*** Block opens ***

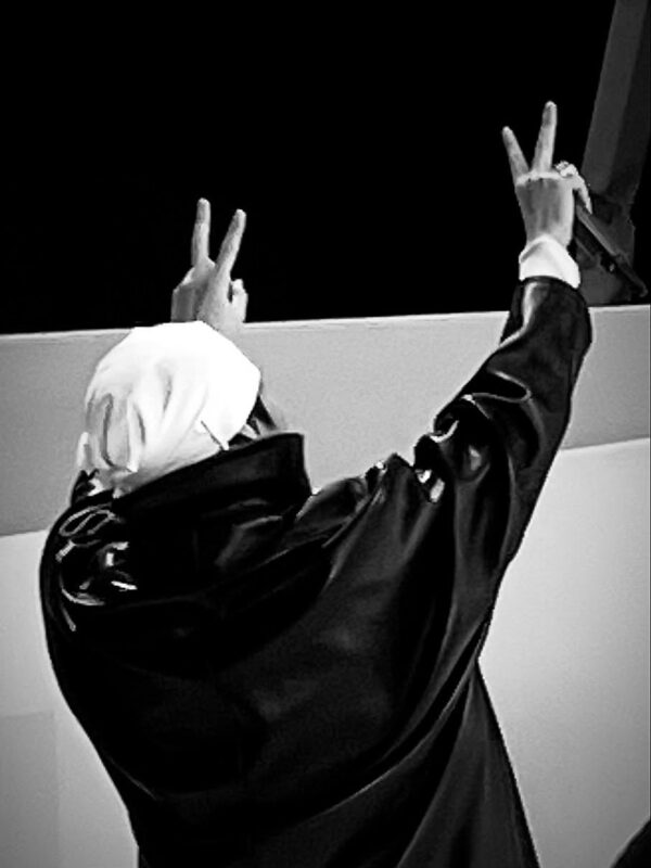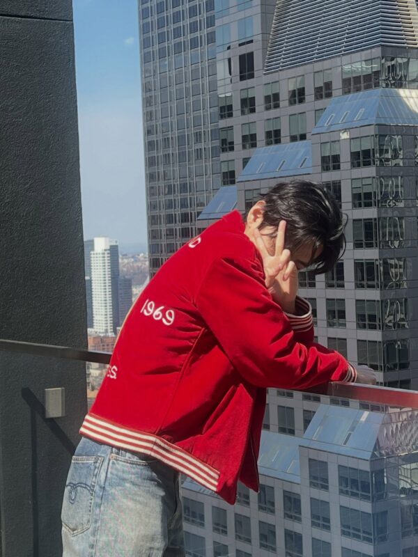 写真には、ネイビーのパーカーを着たVの姿が収められている。
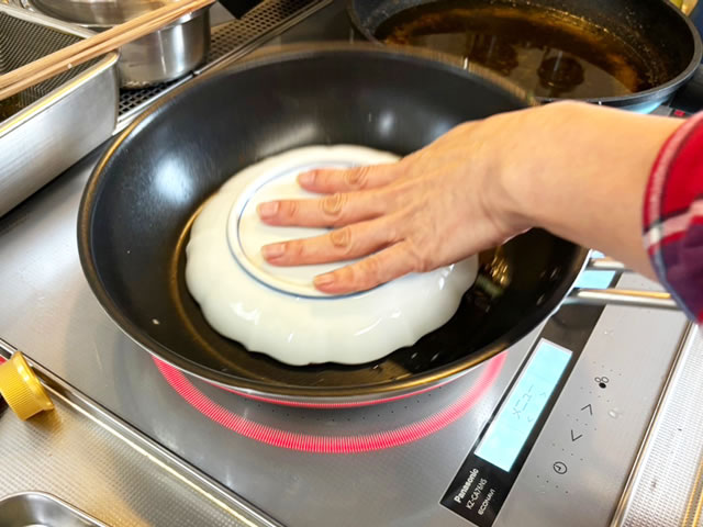 丸く整えたたまごにお皿をかぶせて…
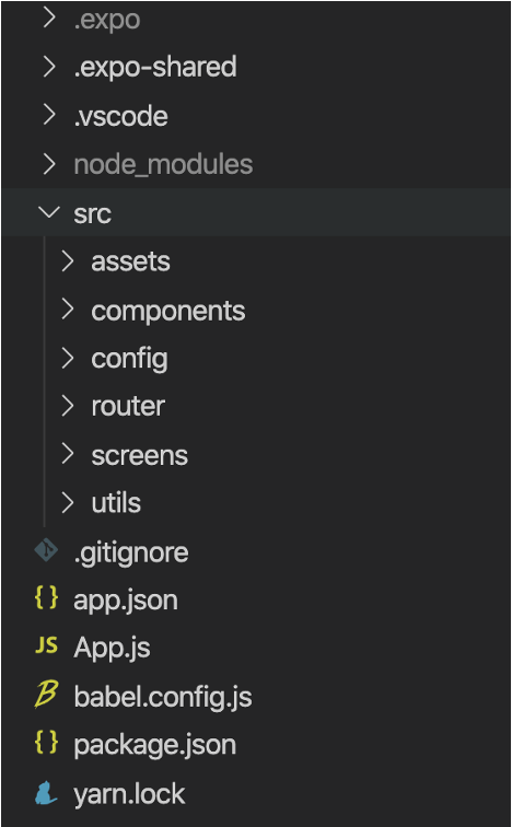 1. src 폴더 생성 후, 하위 폴더로 components / config / router / screens / utils 생성 및 assets 폴더 이동
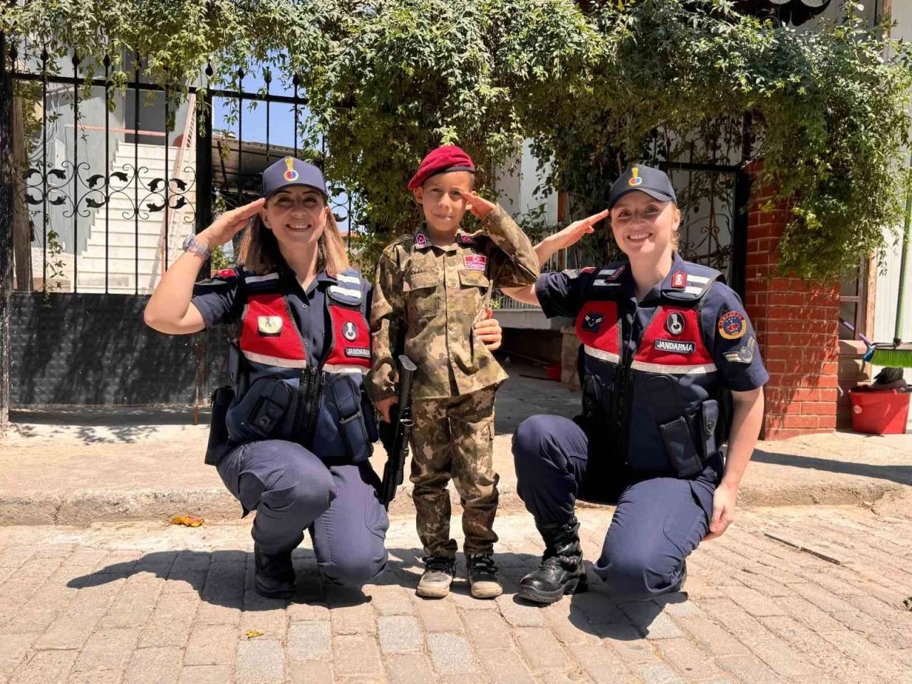 Kahramanlarımızın hatırasının yeni nesillerde nasıl yaşadığını ve isimlerin nasıl gönül köprüleri kurduğu vurgulanarak çocuğa komando üniforması, jandarma arabası ve Türk Bayrağı hediye edildi.
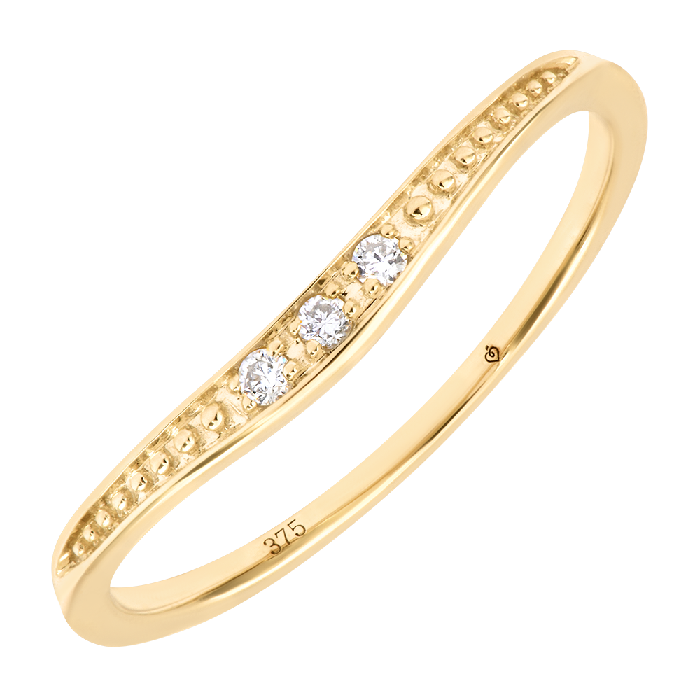 - Alianza en oro amarillo de 9 quilates con diseño fino y curvado
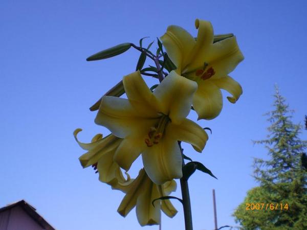 Benim bahçemde olan bu liliumlar buna örnek olabilir mi? Boyları 2m den daha uzun. Renkleri uçuk pembe, çok hoş kokulu ve çiçekleri aşağıya doğru ve her defasında bir dal üzerinde 13-15 arası çiçek oluyor.
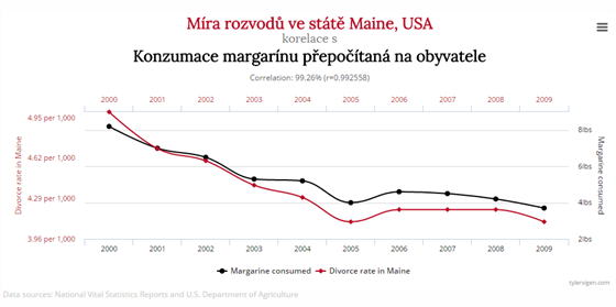 Článek na idnesu, který se statistickou manipulací zabývá podrobněji, vybral na odlehčení absurdní příklad. Porovnává trend rozvodů a konzumaci margarínů. Dvě věci, které spolu vůbec nesouvisí. Výsledek?
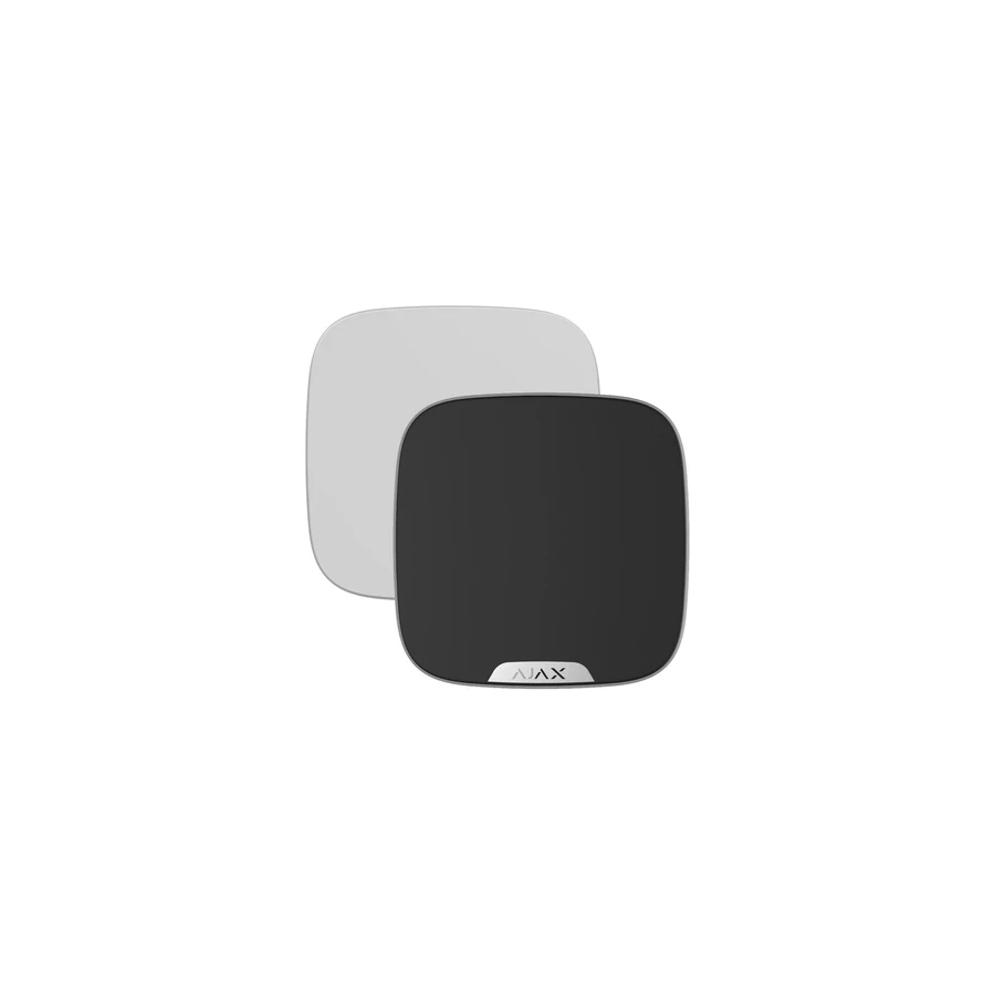 Előlap az Ajax DoubleDeck vezeték nélküli kültéri hangjelzőre, egyedi logózással. A kültéri sziréna előlapjára nyomtathatják logójukat és elérhetőségeiket.

*** Block closes ***

Give back the whole listing exactly as written. Do not include any picture.

 写真には、ネイビーのパーカーを着たVの姿が収められている。
 丸く整えたたまごにお皿をかぶせて…
 1. src 폴더 생성 후, 하위 폴더로 components / config / router / screens / utils 생성 및 assets 폴더 이동
 Kahramanlarımızın hatırasının yeni nesillerde nasıl yaşadığını ve isimlerin nasıl gönül köprüleri kurduğu vurgulanarak çocuğa komando üniforması, jandarma arabası ve Türk Bayrağı hediye edildi.
 - Alianza en oro amarillo de 9 quilates con diseño fino y curvado
 Benim bahçemde olan bu liliumlar buna örnek olabilir mi? Boyları 2m den daha uzun. Renkleri uçuk pembe, çok hoş kokulu ve çiçekleri aşağıya doğru ve her defasında bir dal üzerinde 13-15 arası çiçek oluyor.
 Článek na idnesu, který se statistickou manipulací zabývá podrobněji, vybral na odlehčení absurdní příklad. Porovnává trend rozvodů a konzumaci margarínů. Dvě věci, které spolu vůbec nesouvisí. Výsledek?
 Előlap az Ajax DoubleDeck vezeték nélküli kültéri hangjelzőre, egyedi logózással. A kültéri sziréna előlapjára nyomtathatják logójukat és elérhetőségeiket.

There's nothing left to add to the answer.